> **TASK DIRECTIONS**
Only the lines from the line containing "CHICKEN BBQ –" through the final line of the entries should be printed, exactly as given, with the pictures left out.

> **DATA FOR PROCESSING**
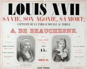 BEAUCHESNE Alcide Vicomte de (1804-1876). Louis XVII, sa vie, son agonie, sa mort ; captivité de la famille royale au temple, affiche promotionnelle publiée par la Librairie Plon, à l'occasion de la sortie de son livre en 1853, ornée de deux...
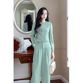 Set áo quần xanh mint cổ tròn NGADO , set áo quần dài , set công sở , dạo phố
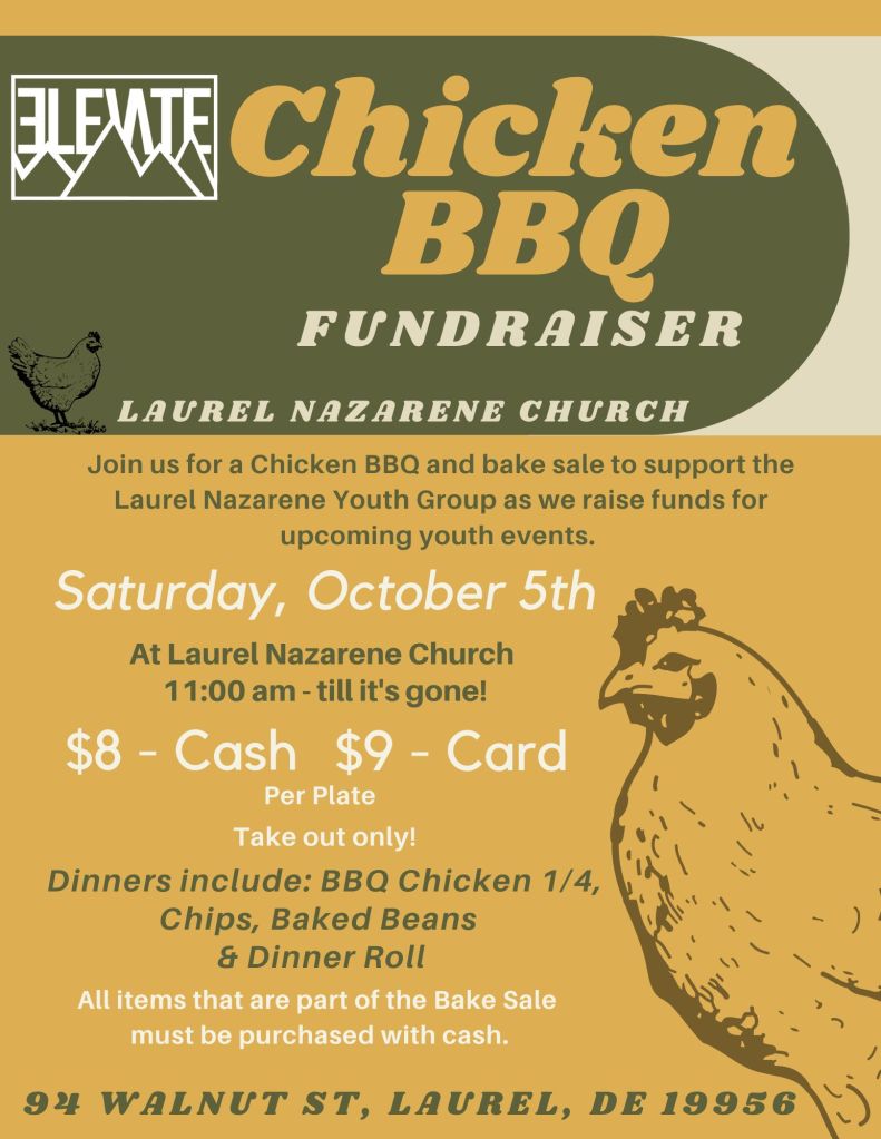 CHICKEN BBQ – Elevate Youth Fund Raiser – at Laurel Nazarene Church, 94 Walnut Street, Laurel, DE. -take out only.
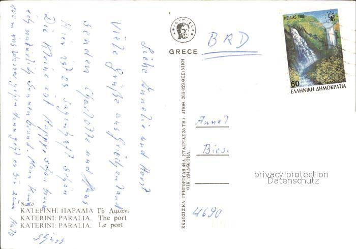 old postcard Katerini Paralia Hafen postalisch gelaufen
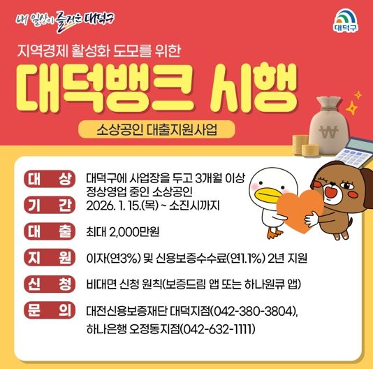 (포탈뉴스통신) 대전 대덕구는 경기침체로 자금 운용에 어려움을 겪는 지역 소상공인의 금융 부담을 완화하기 위해 소상공인 대출지원사업 ‘2026 대덕뱅크’를 시행한다.
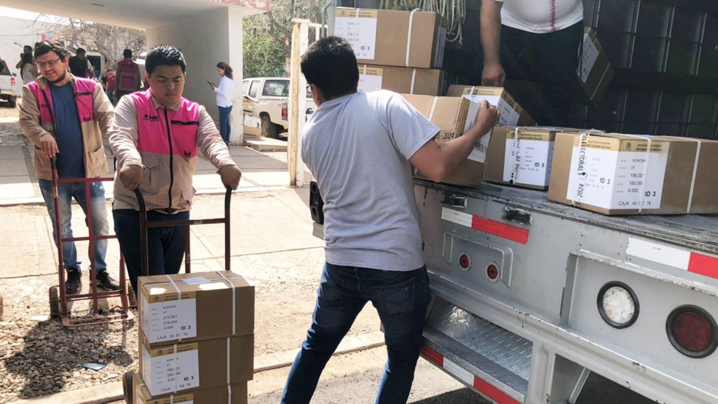 Este envío contiene las boletas electorales, las actas de la jornada electoral, las actas de escrutinio y cómputo que van a estar en las casillas, algunos carteles y demás documentación que ya cuenta con emblemas de partidos políticos", afirmó.
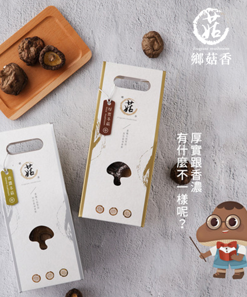 為了幫助在料理上的靈活運用,鄉菇香黑早冬菇,除了以大中小做區別,還分為「香濃冬菇」和「厚實冬菇」兩種款式。
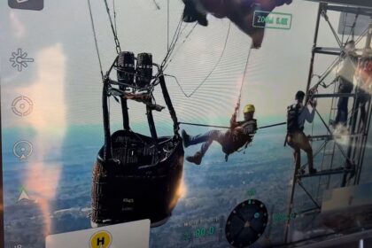 Dupla é resgatada após balão ficar preso em torre com antena de celular
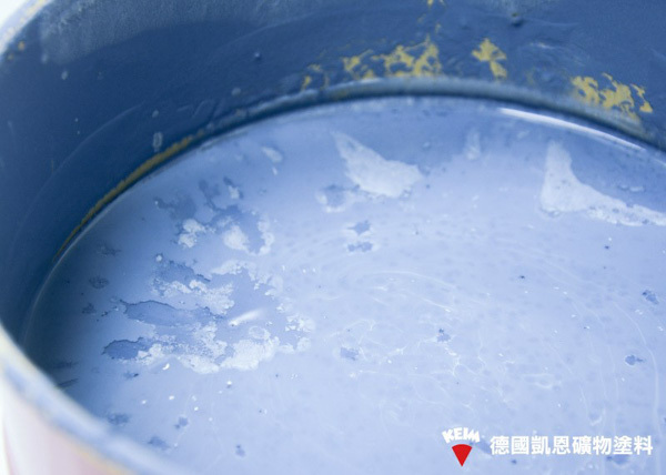凱恩礦物塗料由「液態矽酸鉀」與「礦物色粉」調配而成,不易變質、不易發霉,只要保存方法得當,半年內都能保持良好品質,隨時可再次使用也不會有任何色差。若發現沉澱、結塊或上層有膠狀分離物均屬正常現象。使用前,只需將表面結塊刮除,攪拌均勻(可視情況過濾)後即可安心使用。
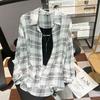Dámská tenká kostkovaná košile, ležérní halenka s dlouhým rukávem, ochrana proti slunci, šifonový kabát, dámský kardigan s knoflíky, univerzální košile Y2k, topy

> **SOLVED EXERCISE**
 CHICKEN BBQ – Elevate Youth Fund Raiser – at Laurel Nazarene Church, 94 Walnut Street, Laurel, DE. -take out only.
 old postcard Katerini Paralia Hafen postalisch gelaufen
 (포탈뉴스통신) 대전 대덕구는 경기침체로 자금 운용에 어려움을 겪는 지역 소상공인의 금융 부담을 완화하기 위해 소상공인 대출지원사업 ‘2026 대덕뱅크’를 시행한다.
 Este envío contiene las boletas electorales, las actas de la jornada electoral, las actas de escrutinio y cómputo que van a estar en las casillas, algunos carteles y demás documentación que ya cuenta con emblemas de partidos políticos", afirmó.
 為了幫助在料理上的靈活運用,鄉菇香黑早冬菇,除了以大中小做區別,還分為「香濃冬菇」和「厚實冬菇」兩種款式。
 Dupla é resgatada após balão ficar preso em torre com antena de celular
凱恩礦物塗料由「液態矽酸鉀」與「礦物色粉」調配而成,不易變質、不易發霉,只要保存方法得當,半年內都能保持良好品質,隨時可再次使用也不會有任何色差。若發現沉澱、結塊或上層有膠狀分離物均屬正常現象。使用前,只需將表面結塊刮除,攪拌均勻(可視情況過濾)後即可安心使用。
Dámská tenká kostkovaná košile, ležérní halenka s dlouhým rukávem, ochrana proti slunci, šifonový kabát, dámský kardigan s knoflíky, univerzální košile Y2k, topy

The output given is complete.